MATERIAL FOR THE TASK >>

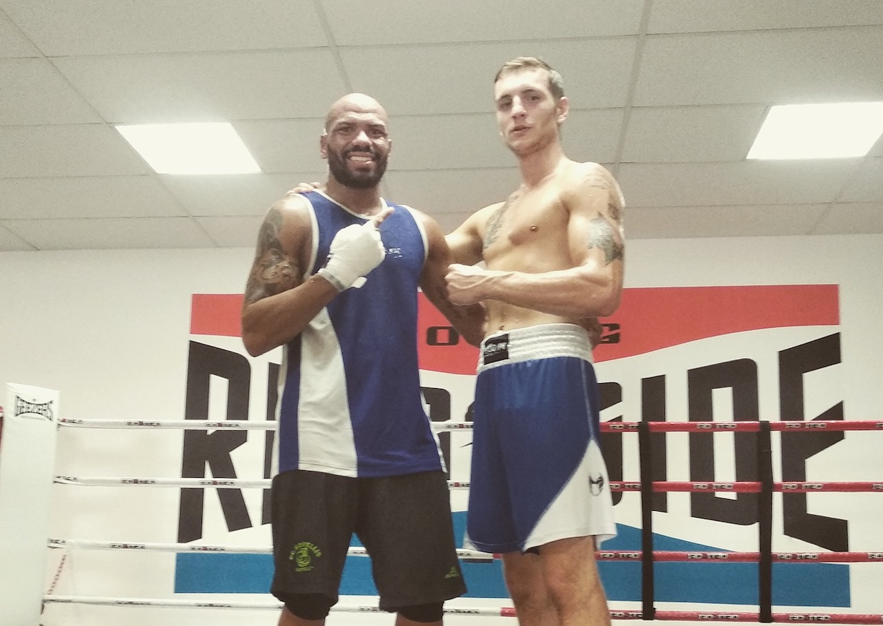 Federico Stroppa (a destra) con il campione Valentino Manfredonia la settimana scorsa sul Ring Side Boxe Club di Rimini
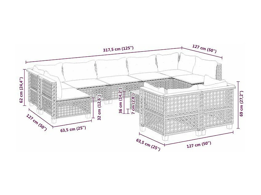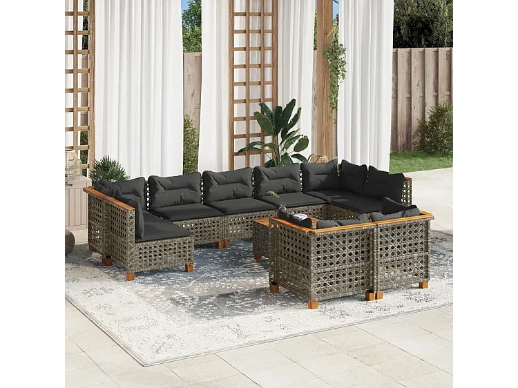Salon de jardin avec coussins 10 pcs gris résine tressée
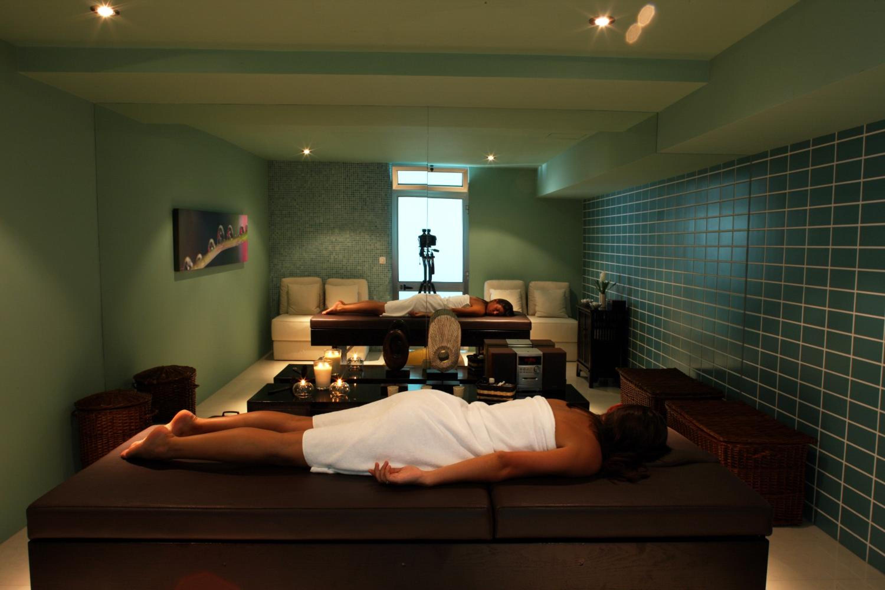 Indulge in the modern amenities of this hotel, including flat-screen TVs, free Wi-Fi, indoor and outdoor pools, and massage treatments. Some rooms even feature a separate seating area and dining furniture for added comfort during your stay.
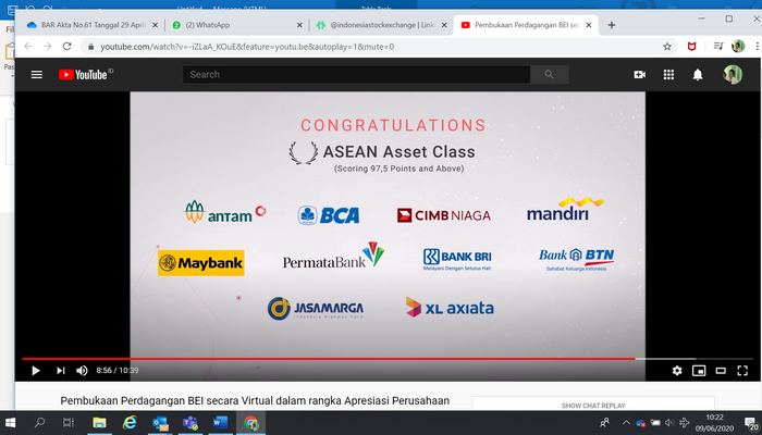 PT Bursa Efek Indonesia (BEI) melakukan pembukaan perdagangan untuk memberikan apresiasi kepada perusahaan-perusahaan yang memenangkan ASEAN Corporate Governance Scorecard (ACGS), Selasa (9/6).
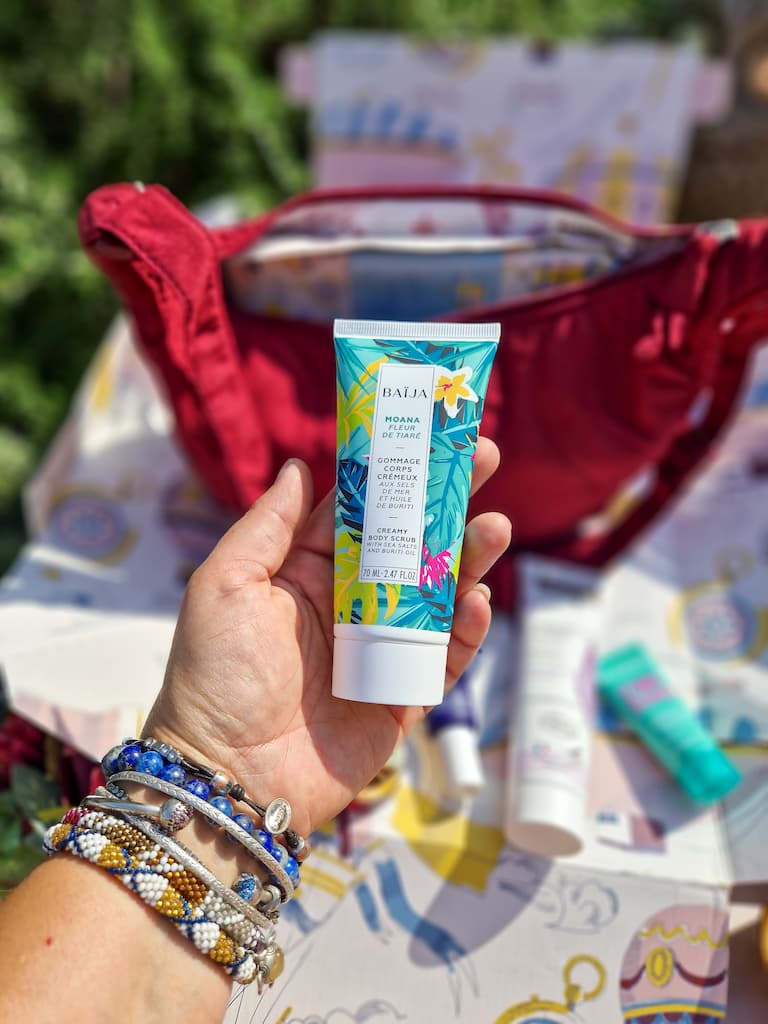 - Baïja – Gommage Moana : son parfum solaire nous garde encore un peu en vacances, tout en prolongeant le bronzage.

* * *

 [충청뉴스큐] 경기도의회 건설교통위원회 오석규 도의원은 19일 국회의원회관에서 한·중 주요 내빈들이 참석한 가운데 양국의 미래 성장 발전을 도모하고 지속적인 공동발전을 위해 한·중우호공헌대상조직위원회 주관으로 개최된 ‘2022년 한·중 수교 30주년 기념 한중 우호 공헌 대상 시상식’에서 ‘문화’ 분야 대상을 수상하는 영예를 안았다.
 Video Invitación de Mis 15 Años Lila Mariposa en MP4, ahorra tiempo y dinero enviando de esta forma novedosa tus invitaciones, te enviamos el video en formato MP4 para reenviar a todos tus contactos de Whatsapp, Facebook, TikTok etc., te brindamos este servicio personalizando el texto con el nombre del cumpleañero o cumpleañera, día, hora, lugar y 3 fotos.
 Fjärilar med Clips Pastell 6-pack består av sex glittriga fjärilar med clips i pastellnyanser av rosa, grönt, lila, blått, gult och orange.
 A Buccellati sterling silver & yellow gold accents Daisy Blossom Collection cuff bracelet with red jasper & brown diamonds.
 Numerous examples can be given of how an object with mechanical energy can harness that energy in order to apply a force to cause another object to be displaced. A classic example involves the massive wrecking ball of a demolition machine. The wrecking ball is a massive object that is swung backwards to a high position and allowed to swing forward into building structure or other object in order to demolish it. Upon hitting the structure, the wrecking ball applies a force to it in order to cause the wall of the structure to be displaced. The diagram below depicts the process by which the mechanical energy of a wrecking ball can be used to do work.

==

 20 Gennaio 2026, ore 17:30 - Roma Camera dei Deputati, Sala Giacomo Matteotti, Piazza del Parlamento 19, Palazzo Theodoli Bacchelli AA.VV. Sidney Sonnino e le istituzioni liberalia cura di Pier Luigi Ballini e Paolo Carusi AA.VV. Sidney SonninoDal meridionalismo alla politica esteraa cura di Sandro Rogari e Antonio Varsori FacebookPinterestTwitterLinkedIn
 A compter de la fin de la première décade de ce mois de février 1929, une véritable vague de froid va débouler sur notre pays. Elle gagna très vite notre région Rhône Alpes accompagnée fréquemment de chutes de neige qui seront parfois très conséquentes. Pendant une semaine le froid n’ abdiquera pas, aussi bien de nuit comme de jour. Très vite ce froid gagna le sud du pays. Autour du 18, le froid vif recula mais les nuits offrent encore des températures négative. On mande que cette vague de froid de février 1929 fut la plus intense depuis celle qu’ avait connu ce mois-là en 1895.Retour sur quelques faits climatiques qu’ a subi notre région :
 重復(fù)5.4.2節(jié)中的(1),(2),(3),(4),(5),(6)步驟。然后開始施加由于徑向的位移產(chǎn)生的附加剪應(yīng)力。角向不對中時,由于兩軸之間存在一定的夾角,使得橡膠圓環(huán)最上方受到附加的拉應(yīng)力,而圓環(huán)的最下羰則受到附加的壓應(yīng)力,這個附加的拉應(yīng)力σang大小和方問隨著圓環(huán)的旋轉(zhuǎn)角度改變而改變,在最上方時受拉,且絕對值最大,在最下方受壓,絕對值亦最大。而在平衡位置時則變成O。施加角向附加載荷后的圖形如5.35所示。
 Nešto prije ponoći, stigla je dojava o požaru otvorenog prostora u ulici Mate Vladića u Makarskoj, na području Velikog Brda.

TASK TO CARRY OUT >> Report, for the data above, every line in which the string "with" appears.

RESPONSE TO THIS TASK >>
 A Buccellati sterling silver & yellow gold accents Daisy Blossom Collection cuff bracelet with red jasper & brown diamonds.
 Numerous examples can be given of how an object with mechanical energy can harness that energy in order to apply a force to cause another object to be displaced. A classic example involves the massive wrecking ball of a demolition machine. The wrecking ball is a massive object that is swung backwards to a high position and allowed to swing forward into building structure or other object in order to demolish it. Upon hitting the structure, the wrecking ball applies a force to it in order to cause the wall of the structure to be displaced. The diagram below depicts the process by which the mechanical energy of a wrecking ball can be used to do work.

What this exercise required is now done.